Since this paper evaluated agricultural water use efficiency, water withdrawal in the agricultural sector (irrigation, forestry, farming, and fishery) was the primary input indicator. As irrigation accounts for most of the agricultural water, this article prioritized the production factors related to the planting industry, such as crop sown area, agricultural machinery power, and fertilizer. In addition, the labor force was also included as an input element. Corresponding to the water use in the agricultural sector, we selected added value of agriculture as a desirable output indicator. To eliminate the influence of interannual price changes, we used the comparable price index to re-calculate the price based on the year 2000. Meanwhile, the undesirable output was mainly considered the non-point source pollution caused by agricultural production.

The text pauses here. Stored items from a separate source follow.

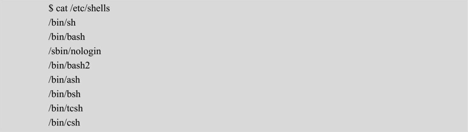 Linux Shell的种类很多,目前流行的Shell包括ash、bash、ksh、csh、zsh等,用户可以通过查看/etc/shells文件中的内容来查看自己主机中当前有哪些种类的Shell,命令如下(下面是在笔者Linux主机中查看信息的结果):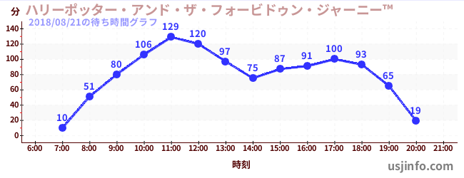 • ハリーポッター・アンド・ザ・フォービドゥン・ジャーニー™$B$N(B2018年08月21日の待ち時間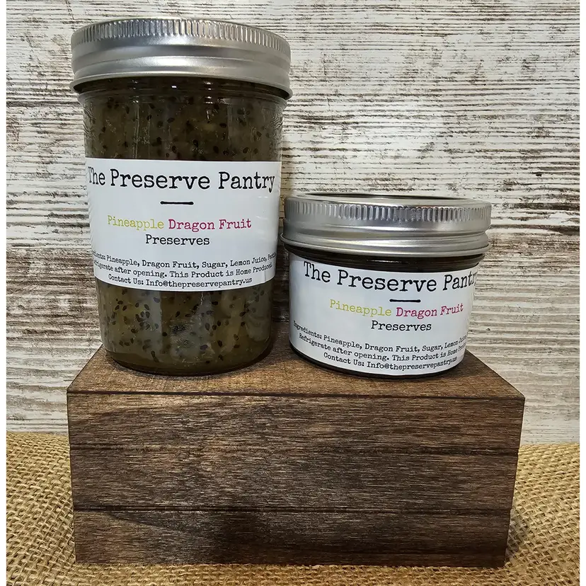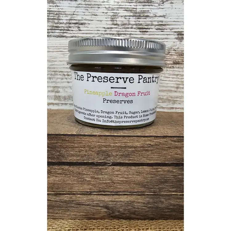 Take your tastebuds on a tropical vacation with our Pineapple Dragon Fruit Preserves! Made with juicy, sweet pineapple and vibrant dragon fruit Naturally sweetened with just the right amount of sugar Bright, tropical flavor with hints of citrus Every spoonful delivers a burst of sunshine, with the sweetness of pineapple and slight tartness of dragon fruit melding into a symphony of tropical flavor. Spread it generously on your morning toast or English muffin for a quick island getaway before you start your day. Or, try it as a topping on yogurt, ice cream, or pancakes. However you use it, this preserve will add an exotic twist to your breakfast or snack. For those craving an escape from the ordinary, our Pineapple Dragon Fruit Preserves provides a taste of the tropics in a jar. Treat yourself to its bright, fruity flavor today! Ingredients: Pineapple, Dragon Fruit, Sugar, Lemon Juice, Pectin.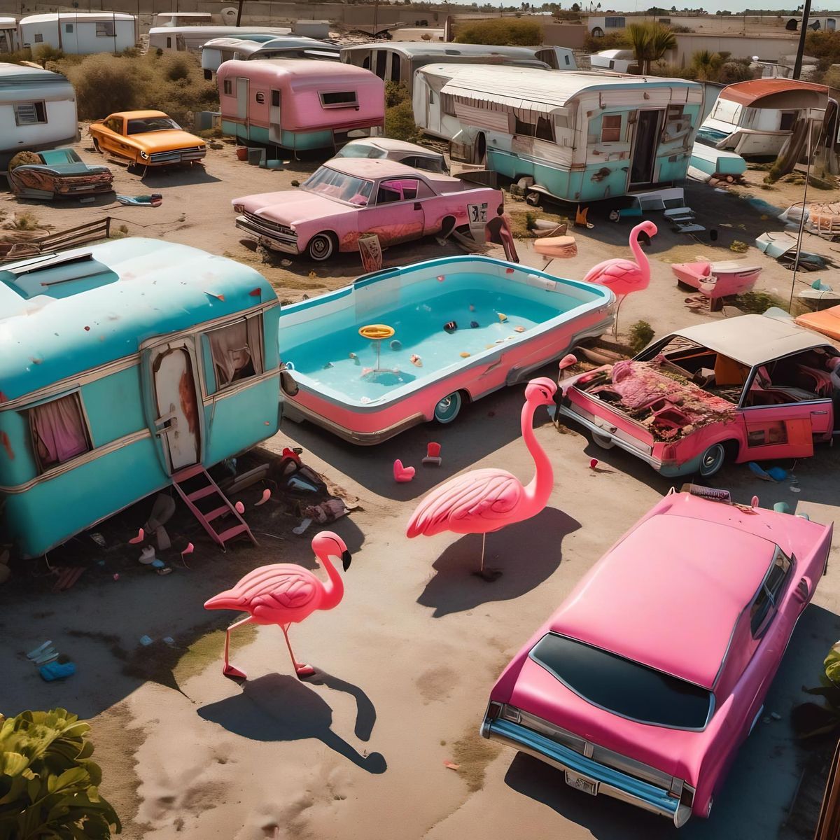 Make your own retro-style trailer park images with our free and easy AI image generator today!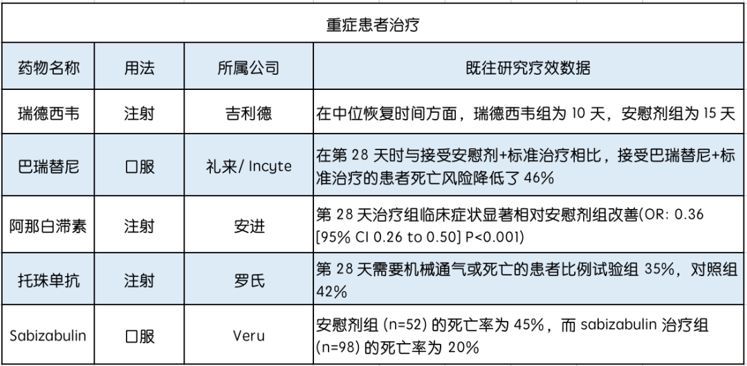 Veru原本将Sabizabulin视为乳腺癌的“重磅炸弹”,但在开发中,发现该药同时具有广泛的抗病毒和抗炎特性。这种特性赋予了Sabizabulin治疗新冠患者的潜力,且治疗效果受到病毒变异的影响较小。 该III期临床试验,在约210名住院的患有急性呼吸窘迫综合征(ARDS)和死亡高危的中重度新冠患者中展开,评估口服、每日一次剂量的Sabizabulin 9mg与安慰剂的疗效(患者以2:1的比例随机分配给Sabizabulin治疗组和安慰剂组)。 两组患者均可接受标准护理,包括瑞德西韦、地塞米松、抗IL-6受体抗体和JAK抑制剂。这项试验在美国、巴西、哥伦比亚、阿根廷、墨西哥和保加利亚进行。研究涉及变异株包括Delta和Omicron,主要疗效终点是在第60天死亡的患者比例。 IDMC对随机纳入研究的前150名患者进行中期分析——与安慰剂相比,Sabizabulin可将死亡率降低55%,口服给药耐受性好,安全性相似。(截至新闻稿发布,次要疗效终点仍在分析中)。此前2021年,在Veru报告的II期结果中,Sabizabulin将该类患者死亡率降低了82%。 目前用于重度新冠患者治疗的药物,主要有瑞德西韦、巴瑞替尼、阿那白滞素和托珠单抗。以下,写意君整理了这些药物既往的疗效数据,用以和Sabizabulin直观对比。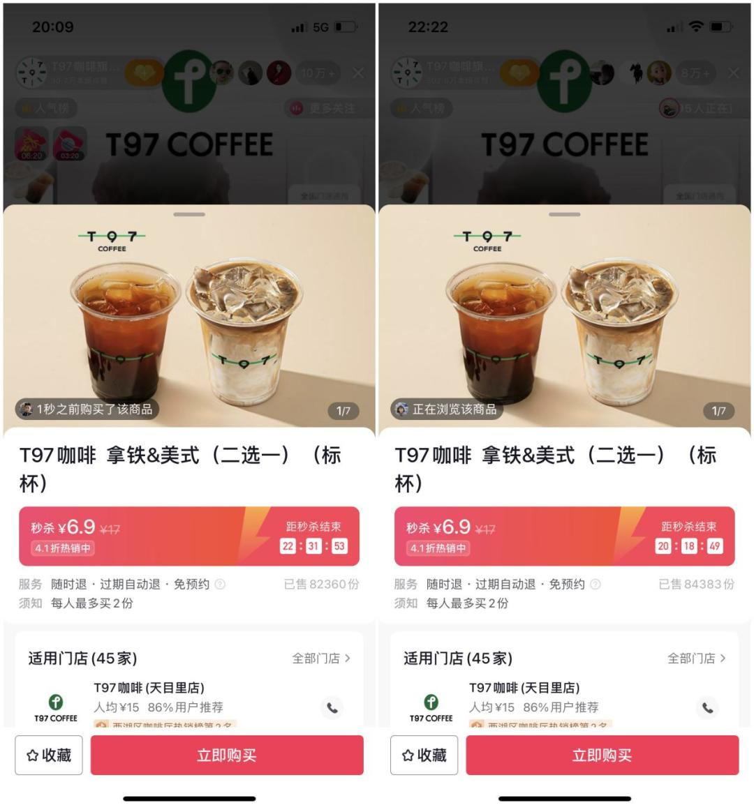 如何给一个10万+的抖音直播间估值,是一道难倒众多证券分析师的问题。在东方甄选董宇辉老师爆火之后,其公司股价从3元一路来到了30元价位区间,同时公司市值也从30亿达到了今天的307亿。同样在印证抖音直播间神奇的还有趣店罗敏,预制菜一日直播拉动公司股票40%涨幅,成交量数亿美金,而细看下来,这次让无数绝望中的中概股看到了希望的直播,除了在抖音之外,似乎也没有太多特别。多名券商分析师坦言,除了情绪之外,这样的暴涨更多是对抖音以及字节跳动相关价值的外溢。能成就10万+直播间的,除了一线企业之外,还有各路明星,其中的典型代表是张柏芝、汪峰,对于他们而言,带货一场的收入业内估计也均超过数百万规模。总体而言,10万+在线人数的抖音直播间,在当下抖音生态,确实是稀缺产品,而更令投资人疯狂的不仅是带货GMV,或是主播的天价收入,更多的是其在商业上无穷的想象力空间。正是在此背景之下,当T97咖啡直播间成为顶流时,幕后老板李潇也激动的连用9个感叹号,表示了35个月做到中国咖啡全行业第一的决心。而在另一条点赞量极高的短视频中,李潇也表达了要干掉瑞幸咖啡的决心。“我明确地告诉你们,我根本没有把瑞幸放在眼里。”在T97咖啡直播间,大嘴女主播夸张演绎以及喊麦式叫卖是其标志性特点,T97爆红后,西少爷等多家直播间开始了模仿,而个性化的主播对于一个纯粹以带货为主的直播间来讲,热度似乎注定会逐渐消退。当然,热度的消退并不意味着没有商业价值,以东方甄选为例,即便在热度下降的时期,其单日销售GMV也可达到2000万之上。售货量依旧是考量一个直播间是否有价值的关键表现。那么,从数据观察来看,T97咖啡在直播间的销售额,可以用那句“人红歌不红”来形容。T97每日销售额非常有限。以2022年10月13日晚上为例,T97咖啡8点左右开播,销量最大的引流产品6.9元的拿铁销售量为82360份(累积销售),而此时直播间在线人数已经超过了8万+,而到晚上10点时,直播间在线人数依旧为8万+,累积销售量为84383份,销售了2023份,销售额为13958元。而这2023份咖啡,平均到45家店,每家可以分到45份。当然,除了引流产品,T97咖啡依然有许多其他品类产品,如销量第二名的生椰拿铁,但细算下来,每日400余份的销量,都不足以成为下一个瑞幸。单店销售不足百杯(45杯)是什么概念,根据平安证券研究所的计算,避开财务造假阶段,在2021年,瑞幸咖啡已经开始涨价的前提下,以15元为平均价格,瑞幸单店出杯量为350杯左右。从这个数据来看,显然T97咖啡与瑞幸不可同日而语。另一部分T97咖啡的价值,来自于抖音用户对于头部主播的情绪价值的衡量。在一次采访之中,李潇团队表示,“大嘴妹不会凉,我们观察刘畊宏等人的直播间也会发现,在到达峰值之后,人气会走低,但是,也会有不少的留存者。”对这一部分价值的估算,并没有太多精确的样本可以参考。人们进入直播间被大嘴妹吸引,但下单者不多,同时,线上直播间与线下店之间的联系非常弱,如果T97咖啡仅仅是把赌注完全压在了一个爆款直播间上,风险性不可谓不大。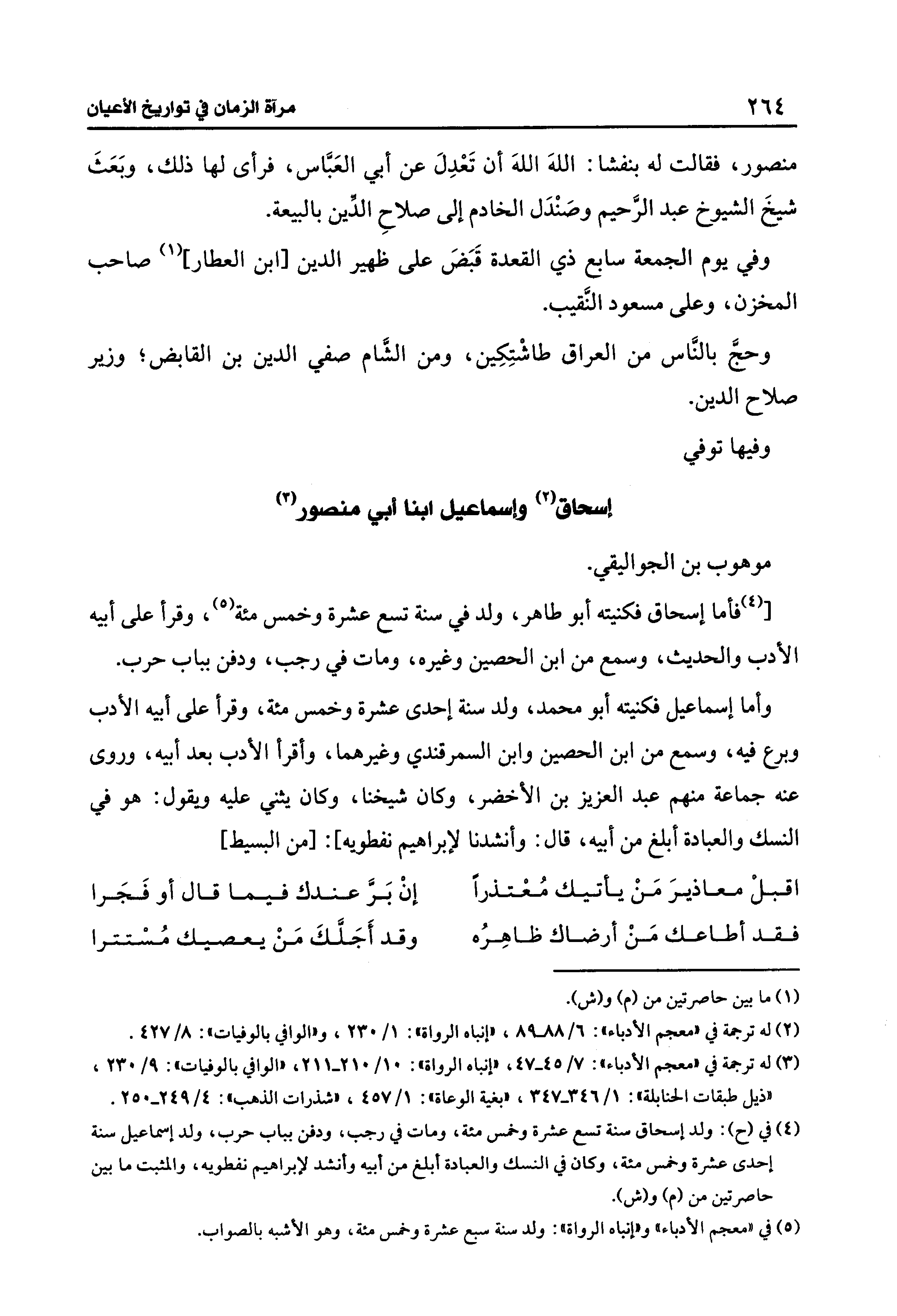 (¬4) في (ح): ولد إسحاق سنة تسع عشرة وخمس مئة، ومات في رجب، ودفن بباب حرب، ولد إسماعيل سنة إحدى عشرة وخمس مئة، وكان في النسك والعبادة أبلغ من أبيه وأنشد لإبراهيم نفطويه، والمثبت ما بين حاصرتين من (م) و (ش).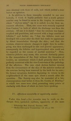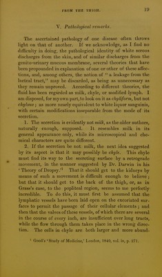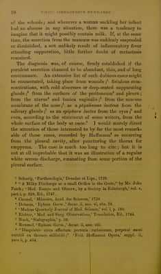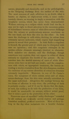 ![]5 eflusiou from the skiu^ iu this cusc froui a female subject, occurred in the north of France. It is referred to by Haller, in his ' Physiology/ The description by Dr. Bour- don being short, may be translated in full.' I have met, in the course of my practice, with a young ■woman twenty years of age, from the upper part of whose left thigh as much milk is discharged by small pustules over the pubes, and even upon the labia vulvae, as a nurse could supply from her breasts. This milk yields butter, curd, and serum, like cow's milk, from which it only differs by a sensible acrimony perceived by the tongue in tasting it. The thigh from which it flows is much swollen, and the oedema, which is unaccompanied with pain, is relieved and diminished in proportion to the amount of the discharge. Sometimes it runs so profusely that the patient has to keep the part bandaged, with firm compresses over the pustules, in order to check it, inasmuch as the abimdant loss proves ex- tremely exhausting. The patient is well formed, with a suffi- cient amount of embonpoint, and with her breasts proportion- ately developed. At seven years white menstrual discharges made their appearance, and have since continued regular, both in quantity and quality. But for the last seven or eight months, if I mistake not, since this milk has begun to flow, she has not menstruated. Except for the exhaustion which has been mentioned, her health is good. 3. A somewhat similar case, not, however, said to have been chronic, and of which the history is very imperfect, is mentioned by Dr. llommel.^ A woman who was nursing twins began to complain, a few days after the death of one of them, of a sense of dull pain and tension beneath the ribs on the right side of the abdomen, and over the um- bilicus. This feeling was succeeded by itching, the itching by scratching, and the scratching by an exudation of fluid from the skin, the colour, taste, and consistence of which 1 Extrait d'une Lettre a M. Lemery, par M. le Dr. Bourdon ^ Ciimbrai, contenant quelque chose de fort singulier; 'Journal de S(;.ivans,' June 5, 1684.](https://iiif.wellcomecollection.org/image/b21477036_0019.jp2/full/800%2C/0/default.jpg)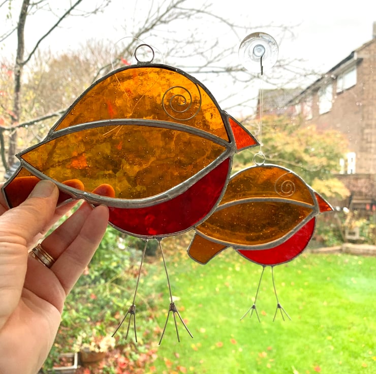 This has been made from amber sea glass, red sea glass and orange water glass for the beak. Tinned wire has been used for the eye and legs.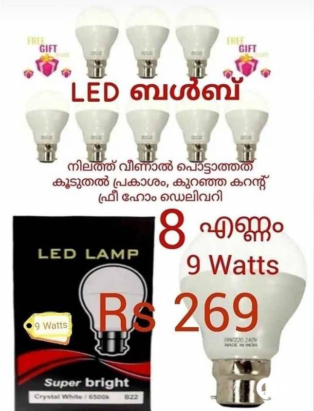 9 വാട്ട്സ് ന്റെ LED ബൾബ് 8 എണ്ണം 269 രൂപക്ക്*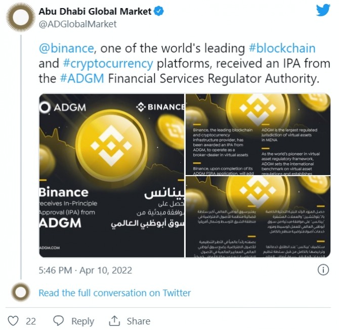 암호화폐 거래소인 바이낸스가 10일 아부다비 글로벌 마켓(ADGM)의 원칙적 승인을 받았다. 사진=트위터
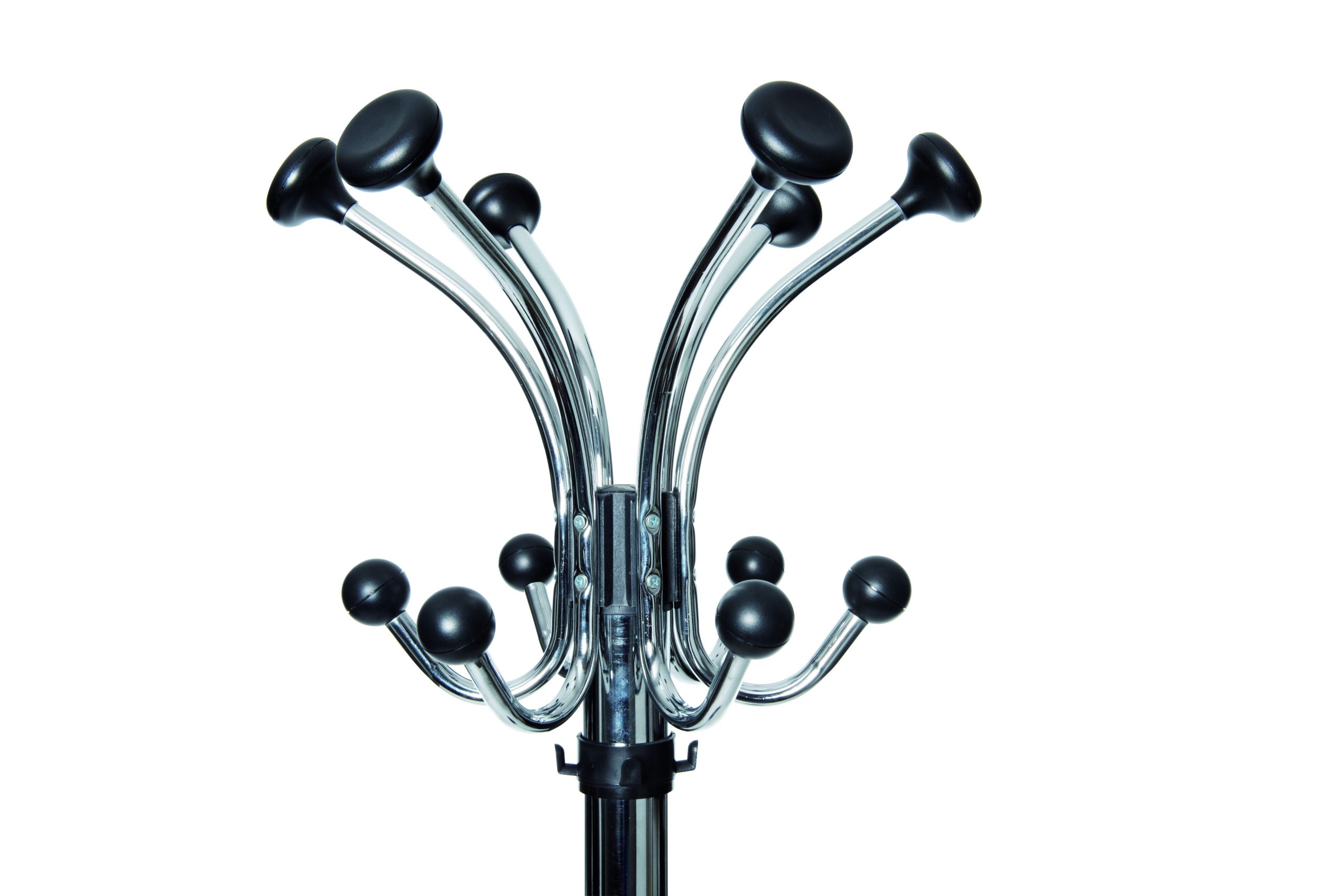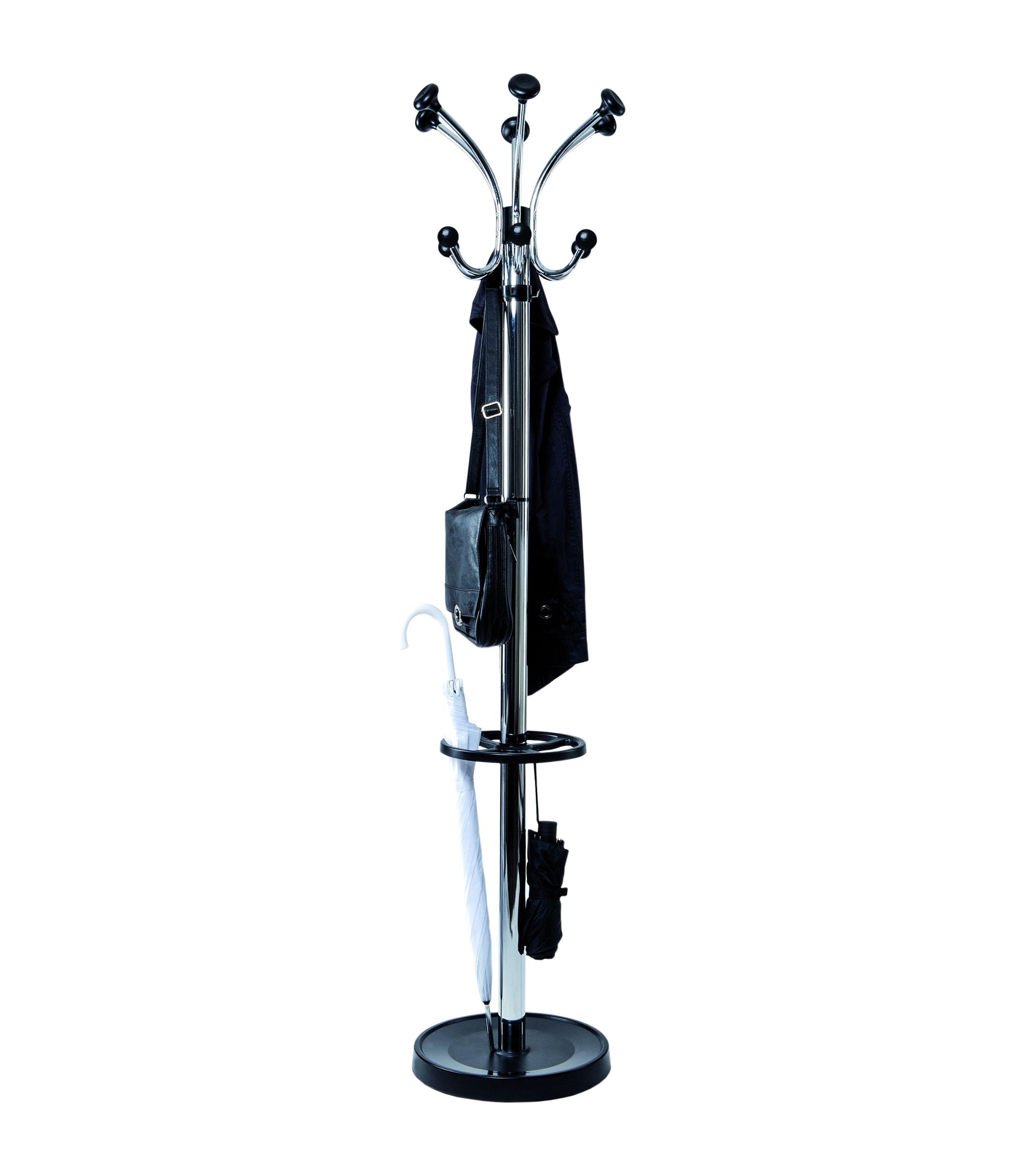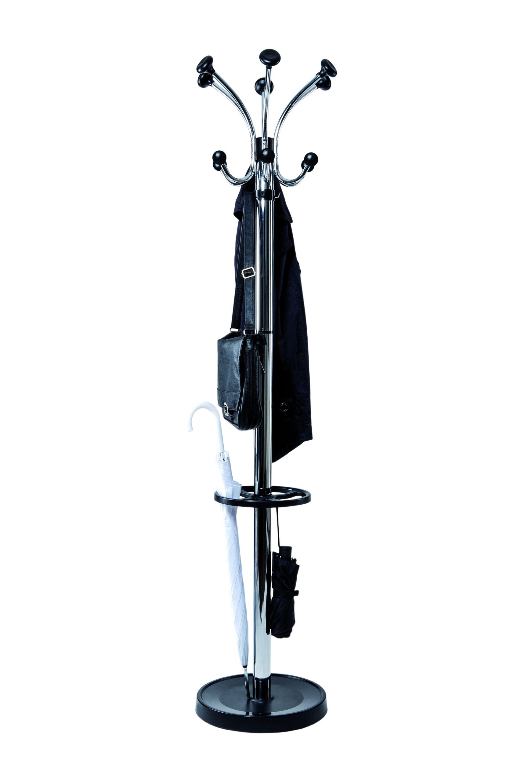 Stumtjener med paraplyholder, MAULnubis, krom MAULnubis er en eksklusiv og ekstra robust stumtjener i stål med elegant krom-look med sorte detaljer. Stumtjeneren er designet til brug i entréer, kontorer og fællesområder og er udstyret med i alt 20 knager. Øverst sidder 12 knager med afrundede hoveder, der beskytter tøjet mod slid og mærker. Derudover har modellen 4 knager på søjlen samt 4 knager ved paraplyholderen, hvilket giver god kapacitet til jakker, tasker, hatte og accessories. Den drejbare krone med en diameter på 41 cm sikrer nem adgang fra alle sider. Den integrerede sorte paraplyholder med en diameter på 27 cm har plads til op til 8 paraplyer samt 4 taskeparaplyer. Den tunge betonfod på 6 kg med plastafdækning sikrer høj stabilitet, mens filtpuder beskytter gulvet mod ridser. Mål: L 40 x B 40 x H 177,5 cm Fod: Ø 36,5 cm Vægt: 9,98 kg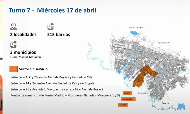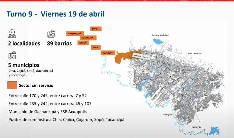 Pero Bogotá no será la única ciudad con racionamiento. Ocho municipios de Cundinamarca también se unirán a esta medida para buscar un mayor ahorro en la región. Entre los municipio que tendrán recortes en el suministro están Funza, Madrid, Mosquera, Tocancipá, Chía, Cajicá, Gachancipá, La Calera, y Soacha.

The data relating to the AWUE assessment were obtained from the
China Water Resources Bulletin,
China Rural Statistical Yearbook, and
China Statistical Yearbook, covering 2000–2019. The discharges of agricultural non-point source pollution mainly come from crop fertilization, livestock breeding, and straw burning, which are estimated through the discharge of the pollution loads of chemical oxygen demand (COD), total nitrogen (TN), and total phosphorus (TP). The inventory analysis method was used to assess the above three indicators [
54].
5. Conclusions
Affected by global climate change and water shortages, food security continues to be challenged. Improving agricultural water use efficiency and increasing the outputs of per unit water usage are essential to guarantee global food security. This article used the undesirable super-efficiency SBM model to measure the AWUE of 30 provinces in China from 2000 to 2019. Then, we investigated the spatial correlation of provincial AWUE with the social network analysis (SNA) method. The results found that:
(1) The overall agricultural water use efficiency in China was inefficient, and there is still great potential to improve it. The focus of sustainable agricultural water resource management included the broad application of water-saving technology and strict control of water pollution.
(2) All the provinces had experienced increasing AWUE in the past 20 years, but with apparent gaps. The growth rate of AWUE experienced a slight increase first and then a substantial increase. Provinces with higher AWUE were primarily located in the east, while the lower-AWUE areas were located in central and western China.
(3) There was a strong spatial correlation in provincial AWUE in China, presenting a typical network structure. It was necessary to manage water resources from a system and network perspective and improve coordinated agricultural water use efficiency.
(4) Fujian, Hebei, Jiangsu, Jilin, Shandong, Hubei, Guizhou, Yunnan, and Qinghai had high centrality in the network. Improvement in AWUE should pay more attention to the province with high centrality in the network and promote the spillover effects of agricultural water utilization between different regions.
(5) The nodes and links in the network were highly concentrated in the net spillover block, bidirectional spillover block, and agent block. We should focus on the driving role of the net spillover block, which is the power source of the improvement in AWUE in the whole network. Moreover, it is needed to strengthen the transmission of the bidirectional spillover block and agent block to promote the coordinated development of AWUE.
Therefore, when formulating relevant measures and policies to improve agricultural water use efficiency, they must pay attention to the spatial correlation of water resource utilization in different provinces to promote the common improvement in water use efficiency in all provinces.